Stored data:
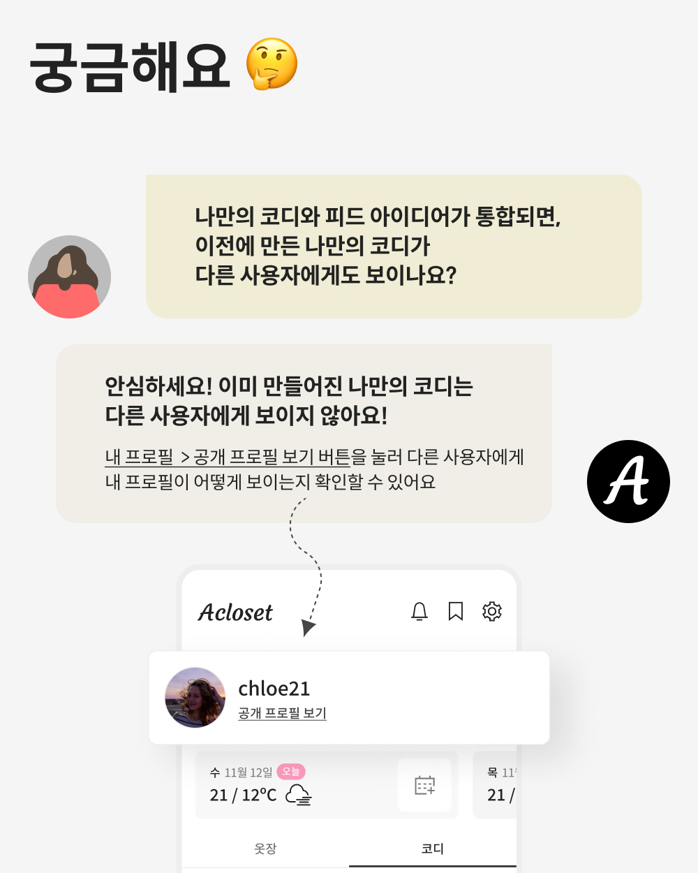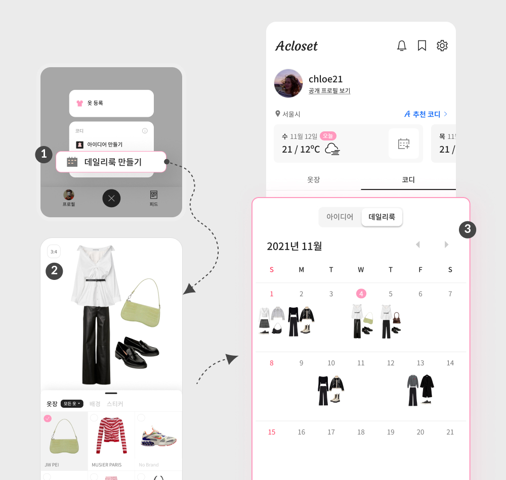 3-2) 데일리룩은 프로필에서 공개할 수 있어요
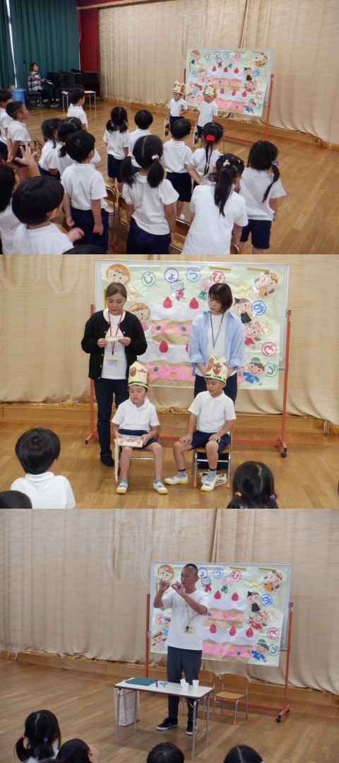 今日は6年生の『総合の学習』の一環で白鷺小学校6年生が職業体験で幼稚園に来てくれました。事前に保育案を6年生が考え、実際に子ども達の前で今日は保育をしてくれました。6年生が来てくれるということだけでもとっても嬉しい子ども達♪何をしてくれるのかな?と楽しみにしていました。
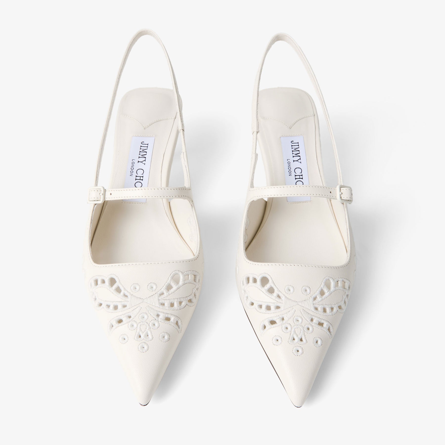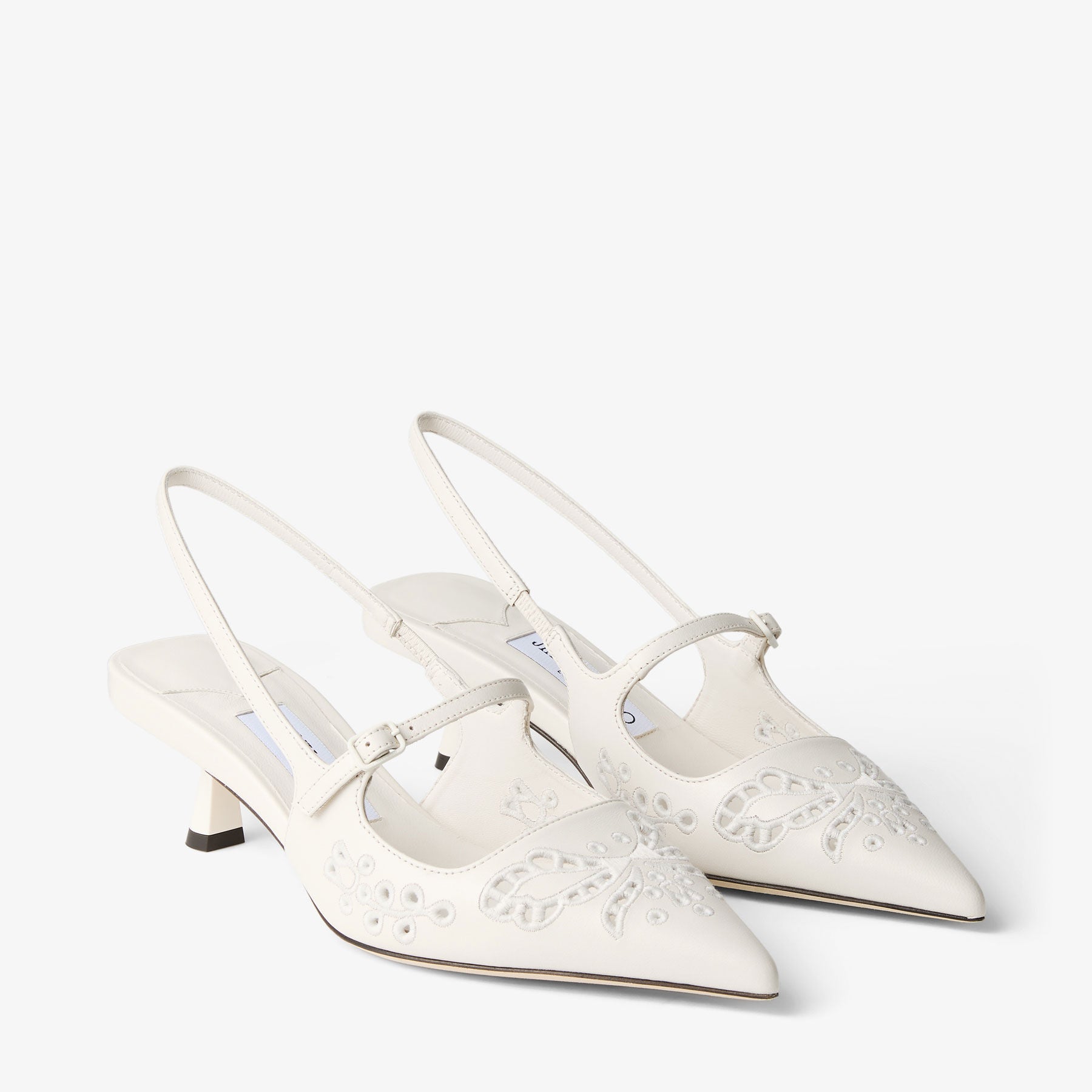 Didi in leather is a modern design with a pointed toe silhouette. This slingback shoe features a strap fastening and a graphic kick heel.
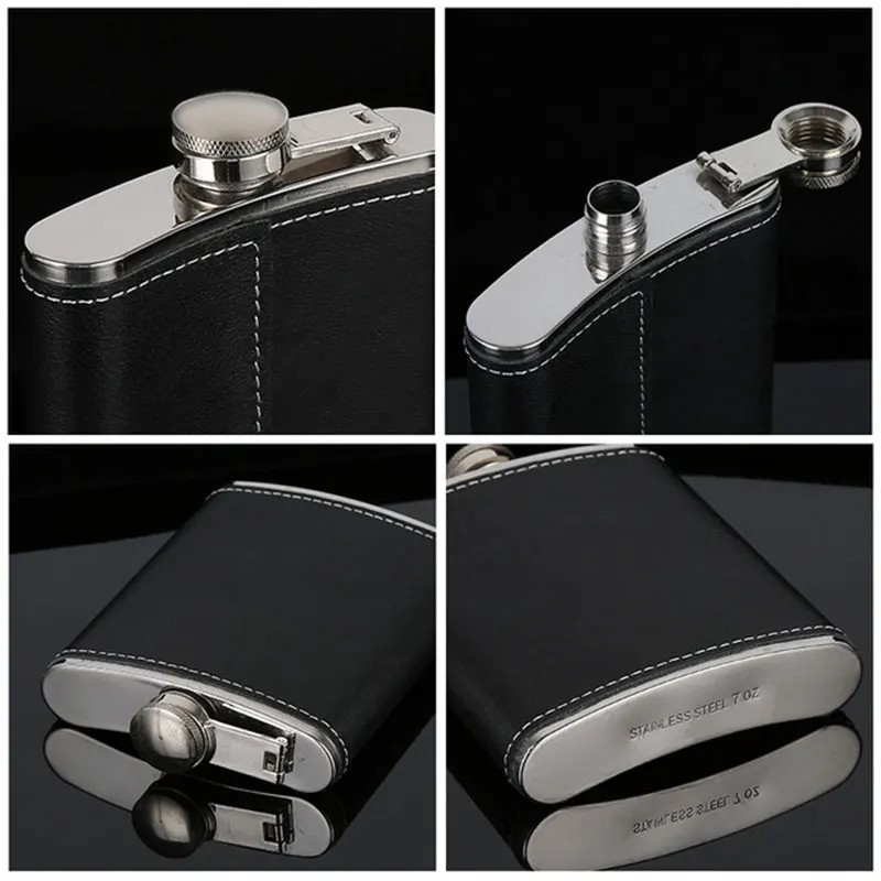 Портативная фляга из нержавеющей стали, Мини фляжка, фляга, винный горшок для виски, Подарочная бутылка 5/6/7/8/9 унций с кожаным держателем, Подарочная фляга для алкоголя GHS99
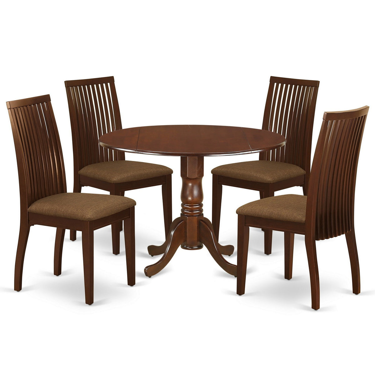 East West Furniture DLIP5-MAH-C 5 Piece Modern Dining Table Set Includes a Round Wooden Table with Dropleaf and 4 Linen Fabric Dining Room Chairs Sale
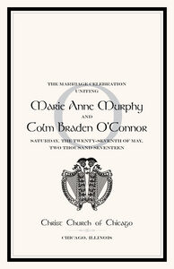 These wedding ceremony programs feature a contemporary Harp and Thistle design and watermarked monogram on the cover, and complimented by Celtic style fonts. The fonts, colors, designs, and border can be customized to match any existing themes or decor.
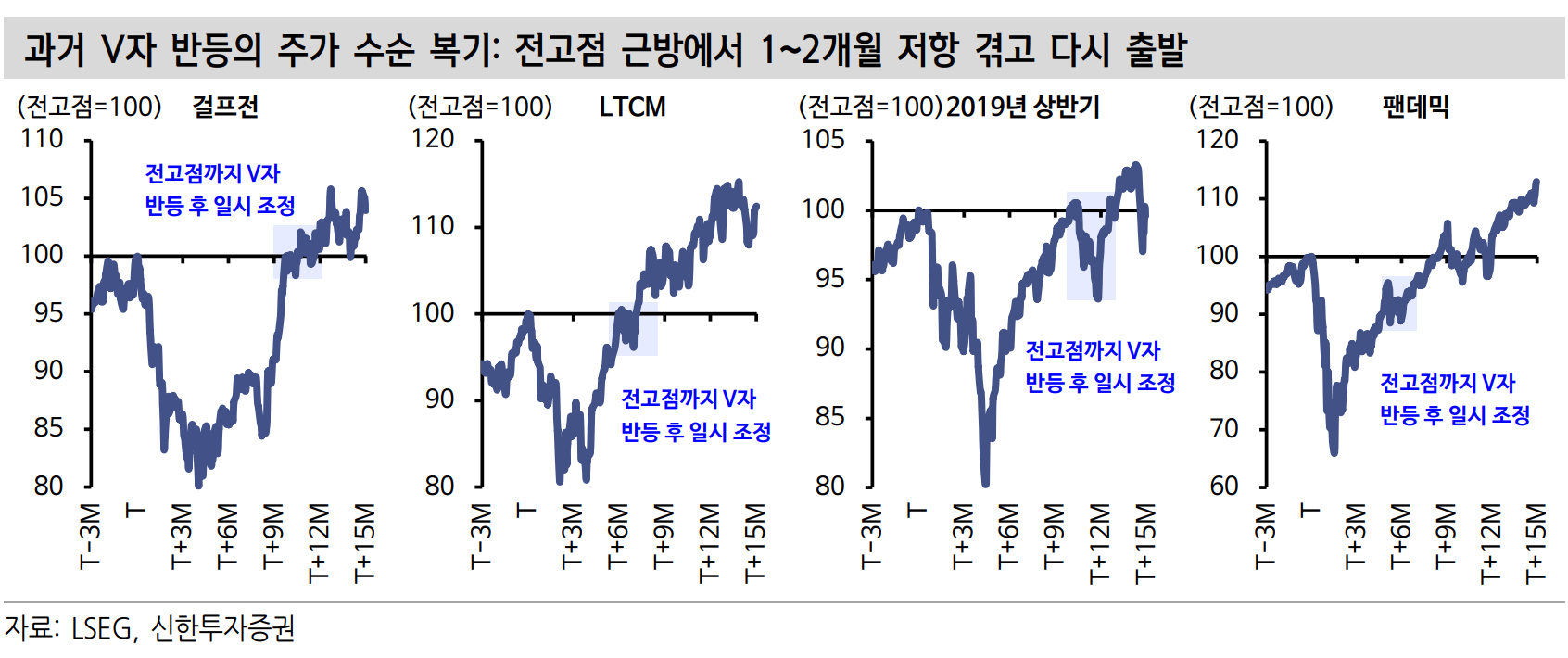 과거 사례들을 복기해 보면, 주가는 저점에서 전고점(이전 최고점) 근처까지 빠르게 회복한 후, 전고점 부근에서는 1~2개월가량 숨 고르기를 거치는 모습이 일반적이었습니다. 이 기간 동안 주가는 4~8% 정도의 조정을 겪었지만, 이후에는 다시 기술주 중심의 강세 추세가 이어지는 패턴을 보였습니다
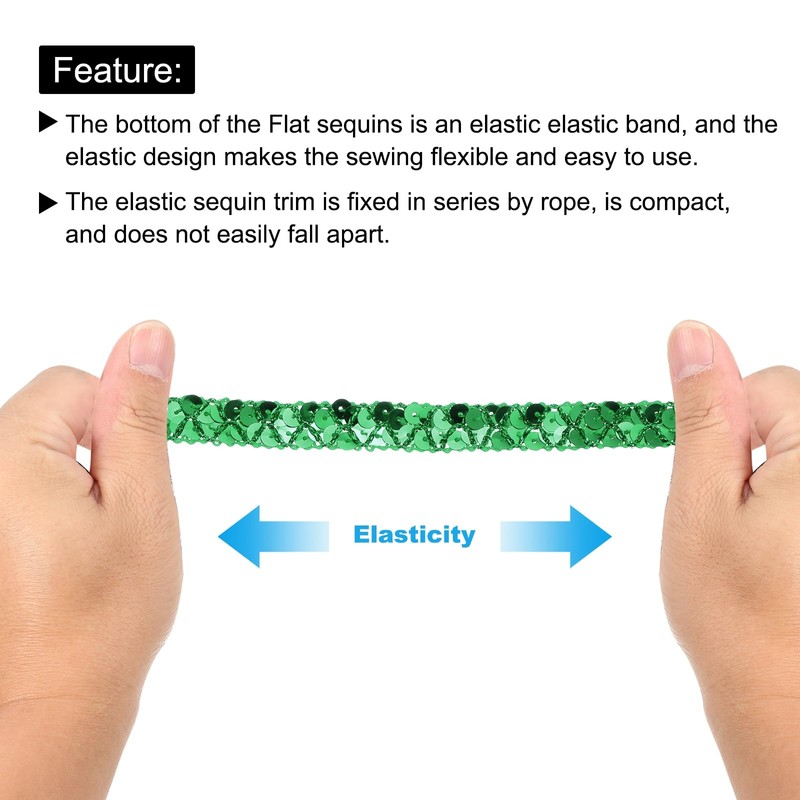 - The sequin strip provides here:Color:Green; Material: PVC; Size: 1.5cmx 13 meter / 0.6 inch x 14 Yards(W*L);There are many colors and sizes for you to choose
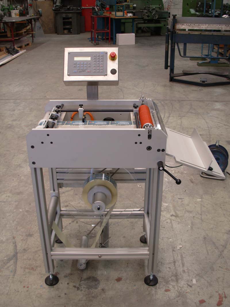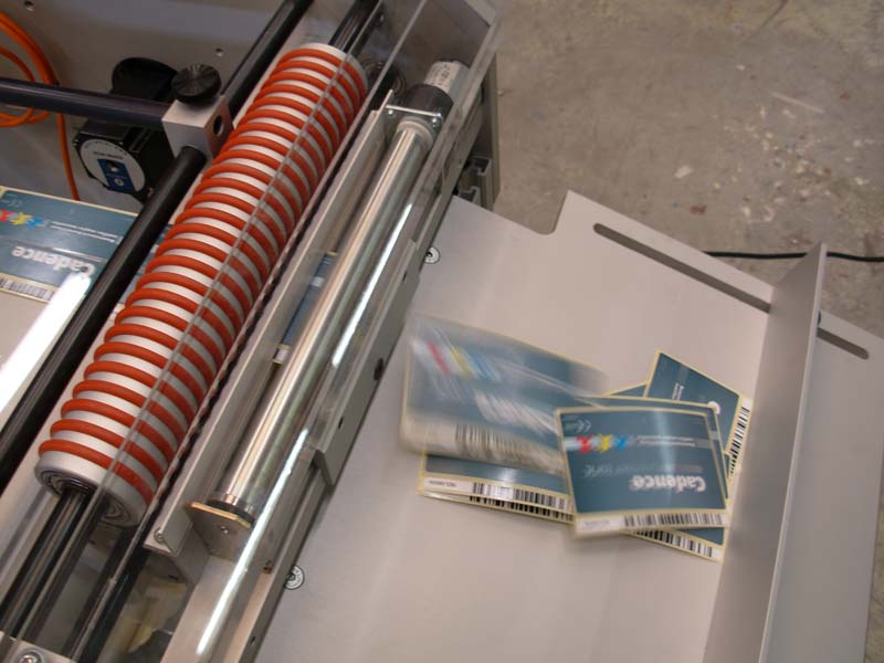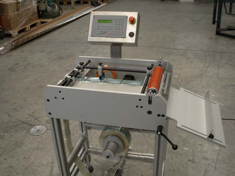 Deze machine knipt etiketten die op een rol gewikkeld zitten af. Het aantal etiketten is in te stellen.
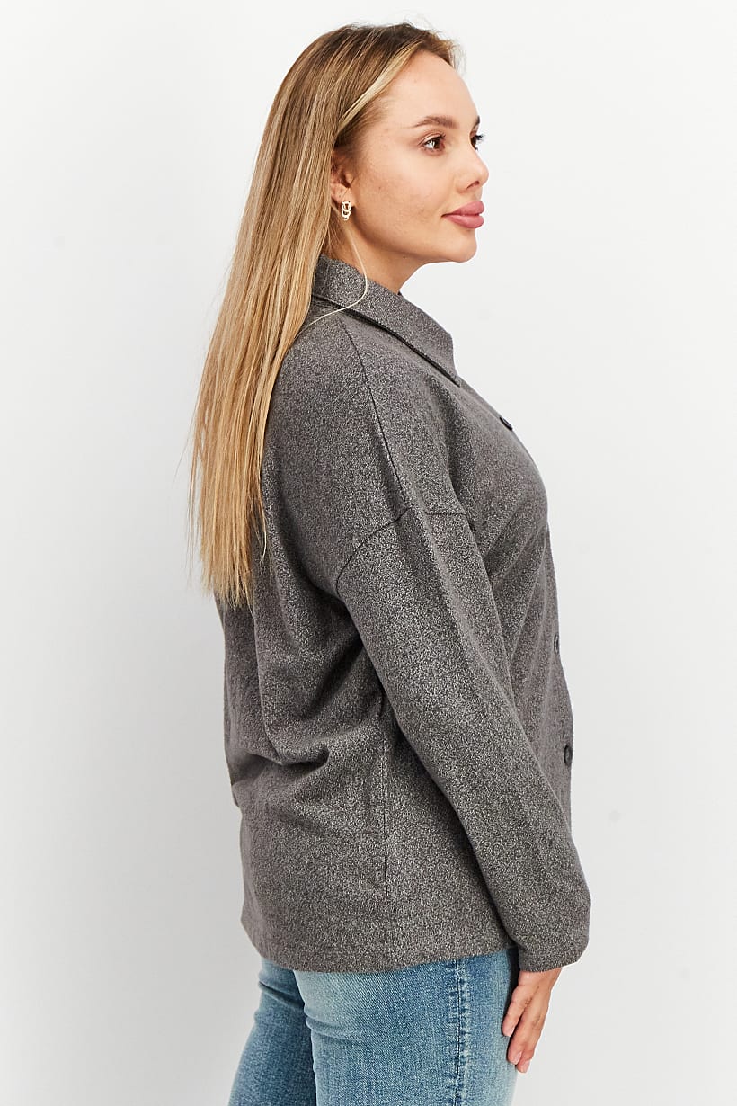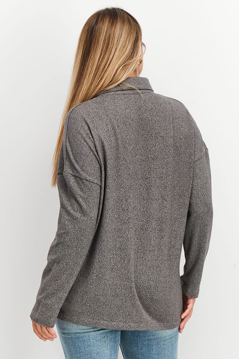 | nameOriginal | Women Spread Collar Long Sleeve Heather Top, Grey |

-- EXERCISE INSTRUCTIONS --
Pictures are to be left out when the lines from the one containing "- The sequin" through the end of the records above are repeated exactly; no other line is wanted.

-- TASK RESPONSE --
 - The sequin strip provides here:Color:Green; Material: PVC; Size: 1.5cmx 13 meter / 0.6 inch x 14 Yards(W*L);There are many colors and sizes for you to choose
 Deze machine knipt etiketten die op een rol gewikkeld zitten af. Het aantal etiketten is in te stellen.
 | nameOriginal | Women Spread Collar Long Sleeve Heather Top, Grey |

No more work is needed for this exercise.